The action was apparently taken not because of the content in the channel but because the North Korean regime could earn money from it through advertising.

"This account has been terminated for violating YouTube's Community Guidelines," a message on the Korean Central Television channel's page reads.

YouTube's community guidelines ban videos that include violent, sexual or harmful content, or breach copyright. Google also asks users to flag content on that may violate the law.

The Washington Post understands that Google, YouTube's parent company, blocked the channel last last month to avoid breaching sanctions, but the company has so far declined to comment.

"We don't comment on individual videos or channels," said Taj Meadows, head of communications in Asia for Google, "but we do disable accounts that violate our terms of service or community guidelines, and when we are required by law to do so."

Under sanctions imposed in March this year, the Treasury department designated North Korea's Propaganda and Agitation Department for engaging in censorship on behalf of the North Korean authorities. The measures ban any American company or person from doing business with the department.

Joshua Stanton, a lawyer and keen proponent of sanctions who writes the One Free Korea blog, said that YouTube and Google probably realized there was a problem with money changing hands.

"Having reviewed the sanctions in March, they would have said that this is risky, we are potentially in violation," he said. "It's good that they have done this, although it's a fairly small piece of the picture."

Bruce Klingner, an Asia expert at the Heritage Foundation, said North Korea had other options. "The Propaganda and Agitation Department is perfectly free to post the videos without making money on them, or have one of their many supporters do it," he said. "Or they could stop censoring free expression inside North Korea."

The channel used to show North Korea's evening news broadcasts and other propaganda programs, and at times featured breaking news. After the January nuclear test, Korean Central Television went live on YouTube, with the announcer declaring that the state had tested a hydrogen bomb, although this was disputed by scientists.

The decision has disappointed analysts who used the channel for insights into this most impenetrable of states.

"While it provided daily news shows on events the regime wanted shown countrywide, it also helped give context to structures I would normally only see via satellite image," said David Schmerler, a researcher at the James Martin Center for Nonproliferation Studies in Monterey.

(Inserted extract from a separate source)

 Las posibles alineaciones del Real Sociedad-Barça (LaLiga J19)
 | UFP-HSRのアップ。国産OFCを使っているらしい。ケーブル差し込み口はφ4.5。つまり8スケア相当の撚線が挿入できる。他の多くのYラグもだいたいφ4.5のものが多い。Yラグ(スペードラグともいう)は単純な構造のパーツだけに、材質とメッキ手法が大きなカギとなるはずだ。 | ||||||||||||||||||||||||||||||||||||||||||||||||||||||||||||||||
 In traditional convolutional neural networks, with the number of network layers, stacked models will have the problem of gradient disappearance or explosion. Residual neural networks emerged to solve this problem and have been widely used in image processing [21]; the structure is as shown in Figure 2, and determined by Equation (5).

Using this account for image collection, along with other sources, allowed North Korea watchers to build a much fuller sense of how something unfolded, Schmerler said.

"This led to a better understanding of an event, even if the North Koreans tried to hide or spin a particular event as being a success when it may not have been," he said.

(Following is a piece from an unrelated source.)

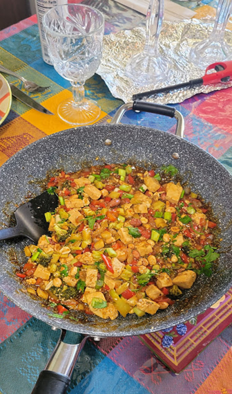 5. Place Tofu into the wok or pot; and sauté the Tofu turning regularly with a spatula until the pieces are browning- maybe 5 to 7 minutes. Add another splash of water as needed to keep the Tofu from sticking.
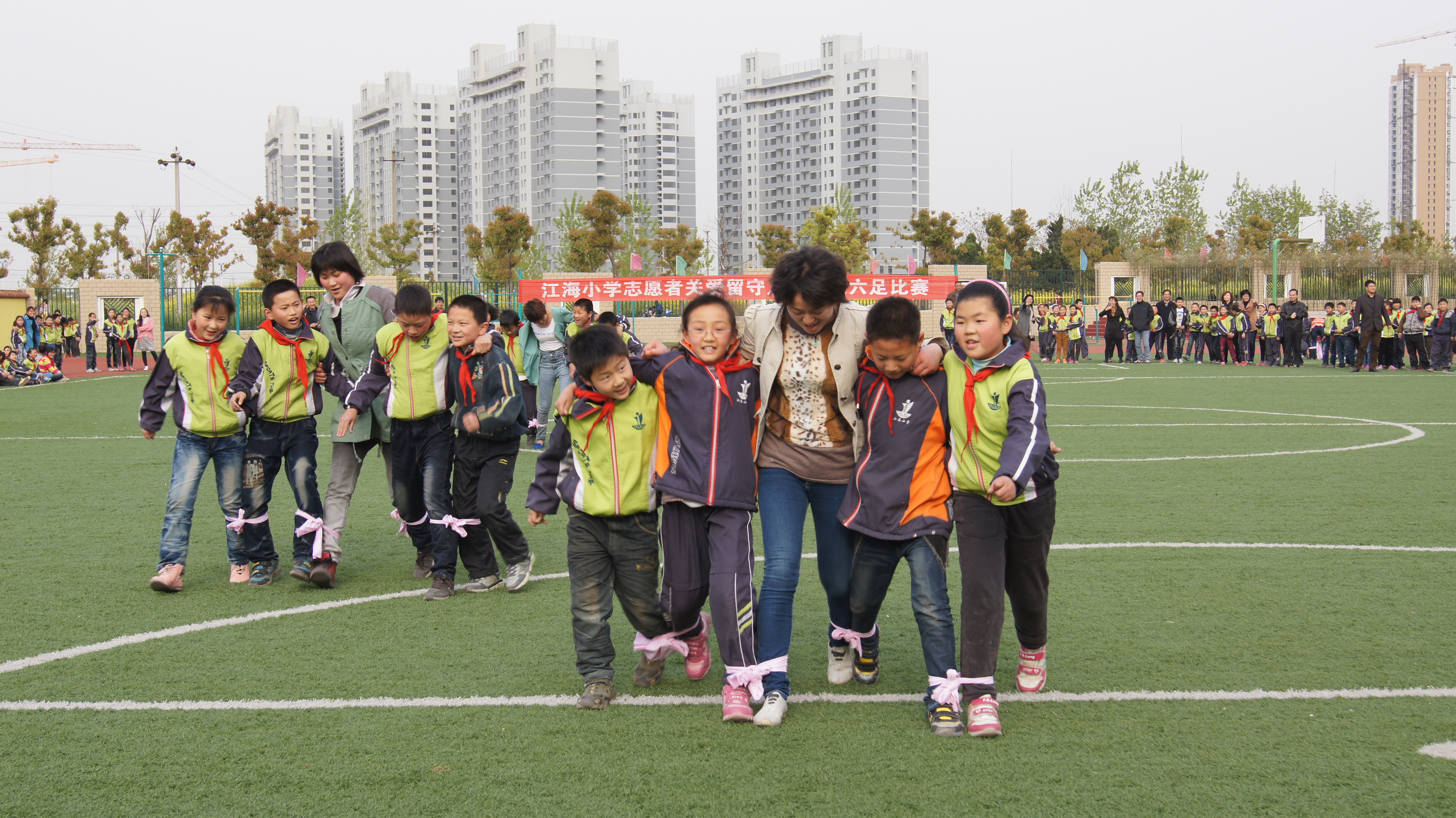 學(xué)校舉行志愿者關(guān)愛(ài)留守兒童五人六足比賽 圖片來(lái)源:全椒縣文明網(wǎng)

While there are other YouTube channels that broadcast North Korea's news bulletins, this one was the fastest and one of the most reliable sources of images. The channel's termination also means the archive of videos that analysts pored over have also disappeared.

Because the channel has been shut down, The Washington Post was unable to see how many views the clips had and therefore unable to work out how much money the channel was making money from ad revenues through YouTube. But analysts estimated that the amount was likely minimal.